On the website of the National Trust for Historic Preservation, public historian Nadia Orton reflects and said:
"African-American cemeteries have been abandoned for the same reasons as many other historic cemeteries, including severed family connections coupled with a lack of provision for long-term maintenance. As a cemetery fills up, profits decrease, and it becomes too expensive to maintain. Overgrowth sets in, and the cemetery becomes impassable. Gravestones are broken by tree roots or covered by bushes, leaves, and tree limbs. But other causes are specific to African-American burial grounds and cemeteries — the ramifications of slavery and of the structural racism that persists in the United States."
As Raphael Morris, historian and president of, Greenwood Cemetery Preservation Association, has said: "It’s a history that reflects the fact that the racism and inequality that plague African Americans in life are perpetuated in death."
Being that burial grounds are often found by developers under parks and office buildings,there is sometimes an expensive amount that needs to be paid when construction is asked to be stopped. Donald Joralemon, author of, "Mortal Dilemmas: The Troubled Landscape of Death in America," raises a question: "How do you place a price on history?"

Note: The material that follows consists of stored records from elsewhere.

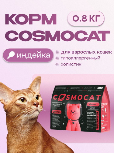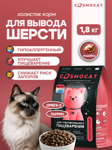 Корм для кошек сухой Cosmocat гипоаллергенный с индейкой для профилактики волосяных комочков 1,8 кг
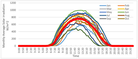 It can be seen from Figure 10 that June had the highest average irradiation rate of all the months, while December had the lowest average irradiation rate of the year [19,20]. The maximum average irradiation in June was 993 W/m2, while the maximum average irradiation in December was 487 W/m2. The yearly average solar radiation profile is shown by the red dotted line, and it is illustrated clearly in Figure 10. The yearly average solar irradiation was 762 W/m2.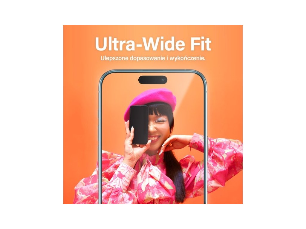 Ochranný kryt obrazovky Ultra-Wide Fit pokrývá celou přední plochu telefonu a zároveň ponechává prostor pro pouzdro. Poskytuje úplný a křišťálově čistý pohled na obrazovku a dodává se v obalu s certifikací FSC, který lze recyklovat.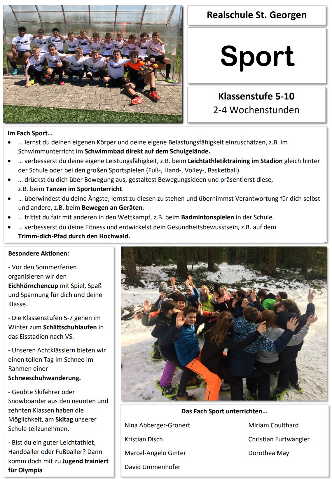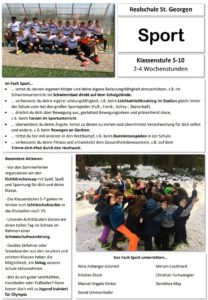 Im Fach Sport lernst du deinen eigenen Körper und deine Belastungsfähigkeit einzuschätzen. Du verbesserst auch deine Fitness oder drückst dich über Bewegung aus, gestaltest Bewegungsideen und präsentierst diese. Du überwindest deine Ängste, lernst zu diesen zu stehen und übernimmst Verantwortung für dich selbst und andere. Bei vielen Gelegenheiten trittst du fair mit anderen in den Wettkampf. Spiel, Spaß und Spannung bieten zudem verschiedene Sporttage, an welchen du im Laufe deiner Schulzeit teilnimmst.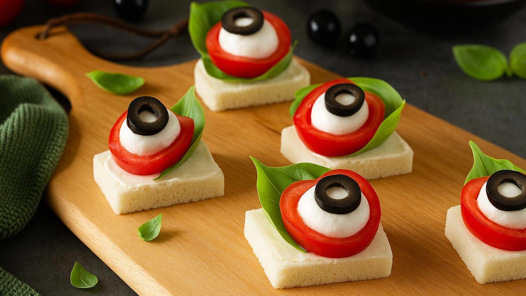 - Su ogni pezzetto di pane, adagia una foglia di basilico e sopra metti un pomodorino farcito.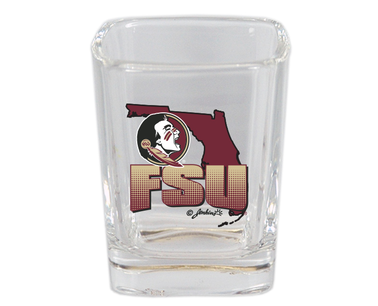 Officially Licensed Product. Florida State Seminoles 2 ounce square collector’s glass. Features state map and mascot design. 12 pieces in an inner 144 per case.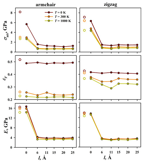 Figure 2 displays the course of the stress-strain curves for defect-free graphene and that featuring a number of different dislocation dipoles, under tension along armchair/zigzag orientations. For simplicity, all the values for tension along the zigzag direction will be defined by superscript z (zigzag) and, for tension along the armchair direction, by superscript a (armchair). All the critical values such as ultimate tensile strength , fracture strength and elastic modulus E for all considered structures under tension along armchair and zigzag direction are presented in Figure 3. Critical values for graphene under tension are shown by open circles. All the results are presented for three temperatures—0 K (theoretical strength), 300 K (room temperature), and 1000 K (finite temperatures). For a better understanding, both Figure 2 and Figure 3 should be described in connection with each other.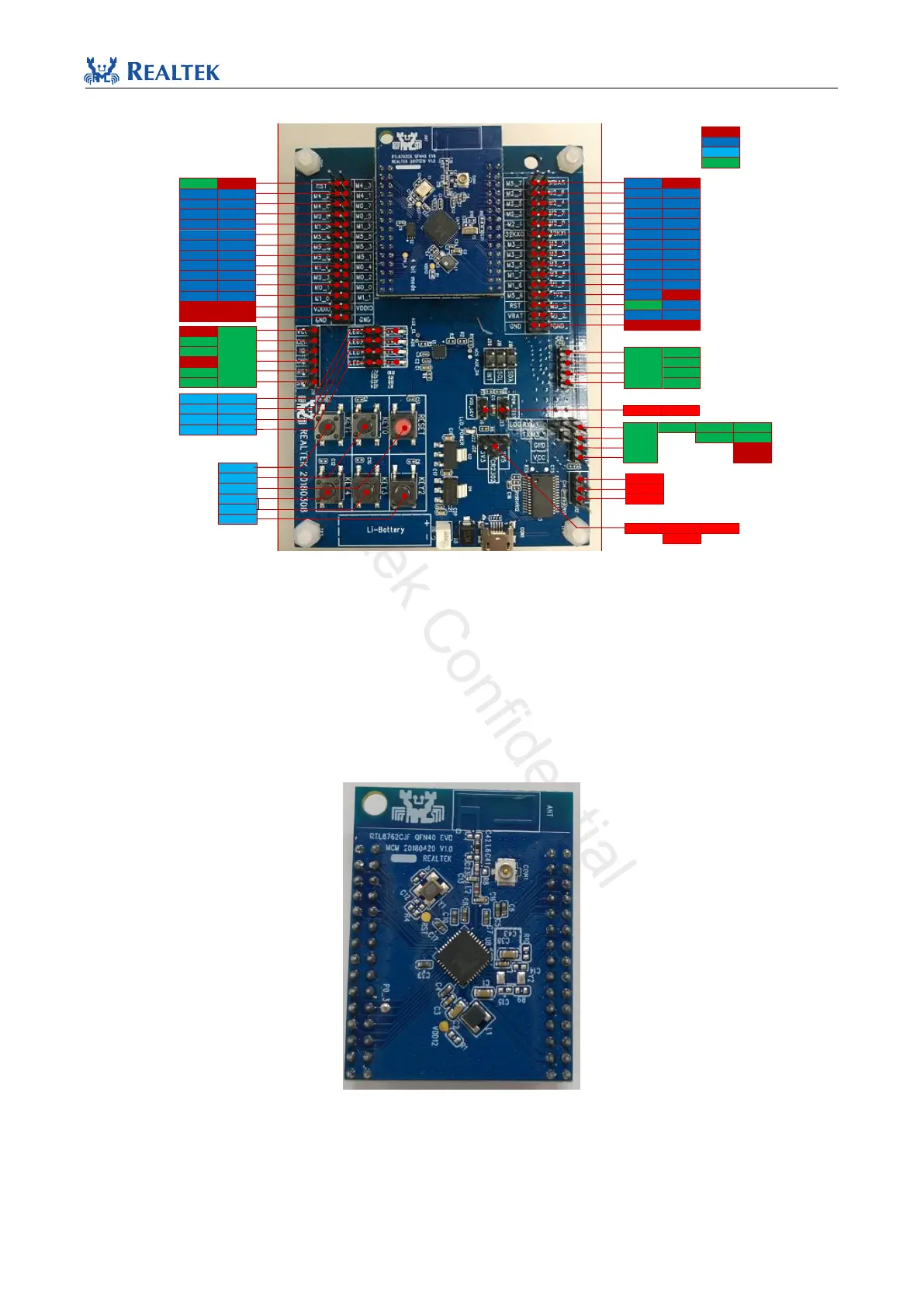 PCB antenna on daughter board is the same as the silkscreen mark of antenna on mother board. Daughter board is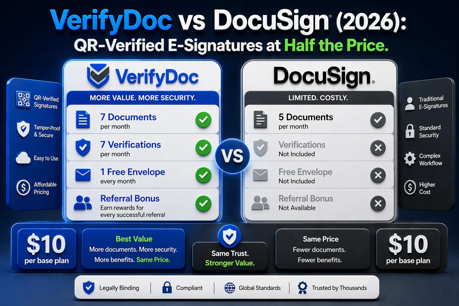 A candid comparison of VerifyDoc and DocuSign — QR-code Certificate of Authenticity, cheaper pricing, native Word and Google Docs plugins, and why a signature alone no longer proves a document is real.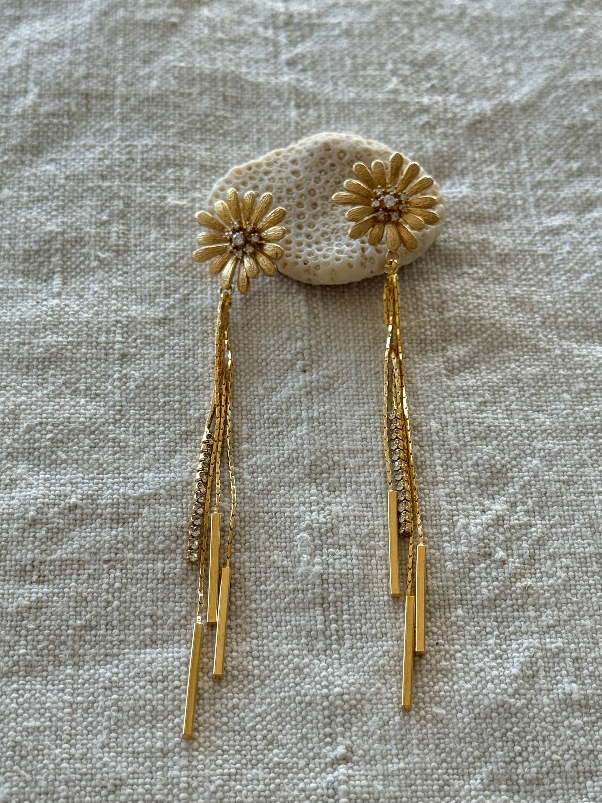 Cascade de Marguerite — a golden daisy anchors this luminous cascade of sparkling drops. With a glimmering center and soft movement that catches the light, these earrings bloom with effortless elegance.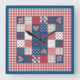 Chic Square Wall Clock, Imitate Patchwork, Gingham Quadratische Wanduhr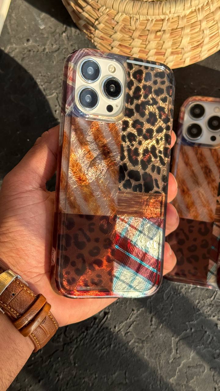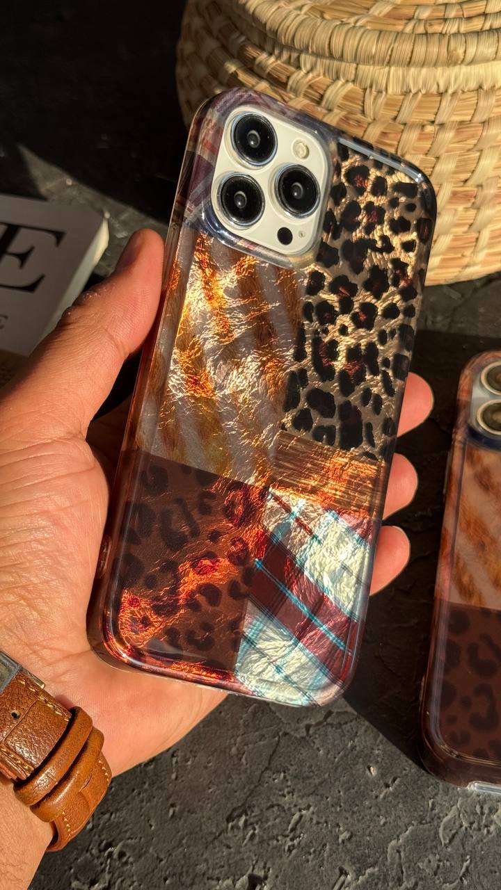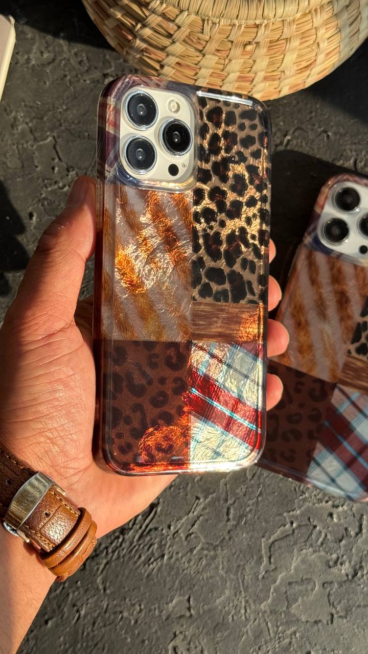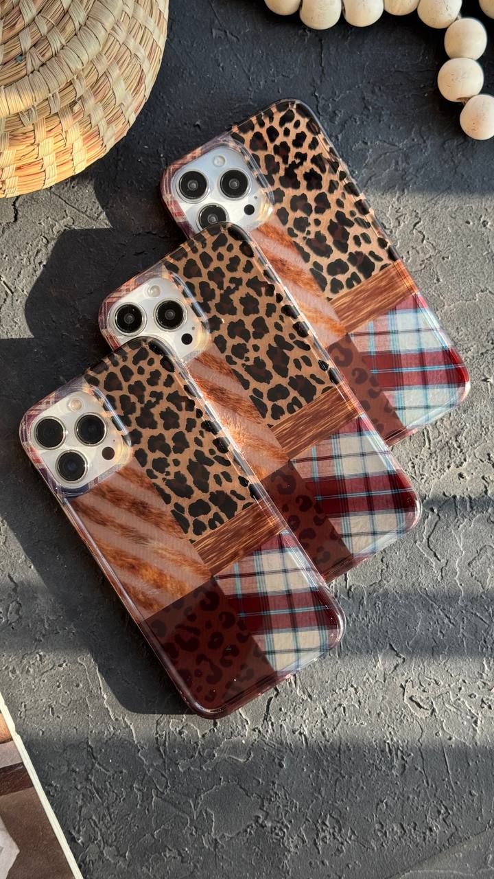 قاب موبایل آیفون پلنگی چهارخونه بافتنیC006020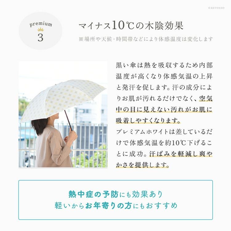プレミアムホワイトは、ホワイトカラーであるにもかかわらず、紫外線は99%以上、赤外線も98.5%以上カット、傘の内部温度を約10℃も下げてくれる画期的な日傘です。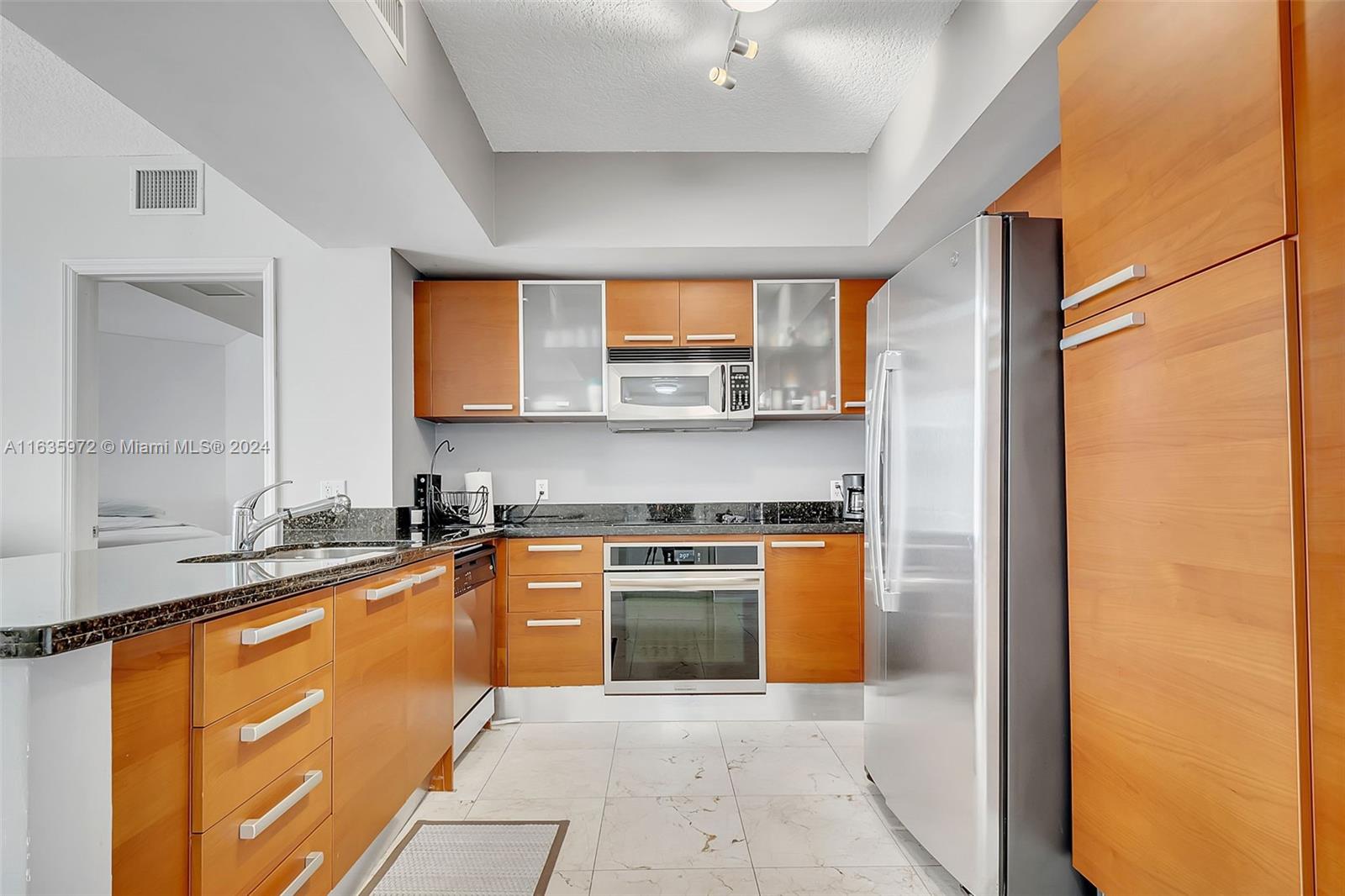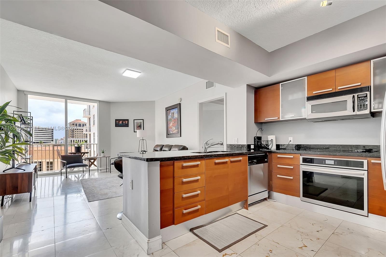 Fantastic 2 bedroom/ 2 bath condo in the Minorca building in Coral Gables. Kitchen has spacious eat-in snack bar and plentiful cabinetry and counterspace. Split bedroom floorplan. Washer/dryer in unit. Balcony with courtyard view, overlooking the pool area. Wonderful primary suite with large closet and space for a desk/office. Primary bath has large tub and glass enclosed shower. 2 assigned and covered tandem parking spaces plus storage room. Building amenities include pool and exercise room, 24-hour security/ front desk attendant and secure elevator. Centrally located with close proximity to all the restaurants the Gables has to offer, grocery store and a short distance to the airport.

Therefore, because of the light that has been shed on this topic over the years, Washington D.C. has taken notice to the conversation, which has caused a new legislation to be proposed in Congress. Representatives Alma Adams and A. Donald McEachin created, "The African American Burial Ground Network Act." This bill directs the Department of the Interior to establish, "The U.S. African-American Burial Grounds Network," within the National Park Service (NPS). The legislation creates a voluntary national network of historic African American burial grounds, and would provide information, technical support, and grants to aid in the research, identification, preservation, and restoration of burial sites within the network.